Crisil’s senior director Somasekhar Vemuri said there can, however, be a moderation in the credit ratio going ahead due to some of the challenges faced by companies.
During the first half of the fiscal year, the credit ratio moved ahead majorly driven by the infrastructure sector, which contributed a third of the upgrades, the agency said, attributing the same to higher project work being undertaken and improvement in project clearances and payments.
The six months saw 569 upgrades and 103 downgrades, while ratings on 80 per cent of the companies being reaffirmed, it said.

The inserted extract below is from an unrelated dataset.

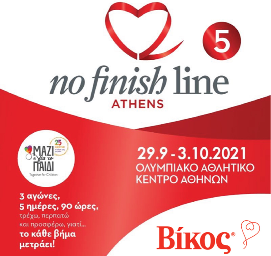 Κάπου να φτάσουμε, να φτιάξουμε, να δράσουμε, τις δυσκολίες να ξεπεράσουμε Η εταιρεία Bίκος υποστηρίζει έμπρακτα το μεγαλύτερο φιλανθρωπικό αγώνα τρεξίματος και βαδίσματος No Finish Line Athens, ως επίσημος χορηγός της 5ης διοργάνωσης, τα έσοδα του οποίου θα διατεθούν στην Ένωση «Μαζί για το Παιδί, γιατί όταν ένα παιδί έχει ανάγκη, δεν υπάρχει γραμμή τερματισμού!

The ongoing interest rate tightening may result in some of the companies going slow on investments, and the higher interest costs will have an adverse impact on the renewables sector the most with the project viability itself coming under pressure, its chief ratings officer Subodh Rai told reporters.
He said there have been investment announcements by steel and cement players, along with those getting benefits under the production linked incentive initiative of the government, but a broader capex cycle like the one seen in 2012-13 is some time away.
For the financial sector, it gave a ‘stable’ outlook and added that while the gross non-performing assets ratio may moderate on an overall basis, exposures to small businesses face a risk of higher NPAs.
Its deputy chief ratings officer Krishnan Sitaraman said Crisil expects a fourth of the restructured advances to micro, small and medium enterprises to slip into NPA, but added that there are positives for the overall sector in form of higher credit growth at up to 15 per cent, stronger capital buffers and improved profitability.
The agency’s corporate credit outlook based on 43 sectors accounting for 70 per cent of outstanding debt classified 13 sectors having 18 per cent as the most buoyant while the remaining were classified as neutral to positive.
Export-oriented sectors such as textiles, pharmaceuticals and information technology will see some moderation in cash flows owing to slow down in end-user markets, it said, adding that agrochemicals, dairy, education services would also see a moderation in their performance due to elevated costs and inability to fully pass them on.
Meanwhile, India Ratings and Research said the strong rating upgrade momentum continued in the first half despite deteriorating macroeconomic conditions, with 159 upgrades and 40 downgrades.
Healthy financial profile, improving business performance and availability of liquidity helped the ratings, its head of credit policy group, Arvind Rao, said.
Icra Ratings said in H1, it saw 250 upgrades and 76 downgrades.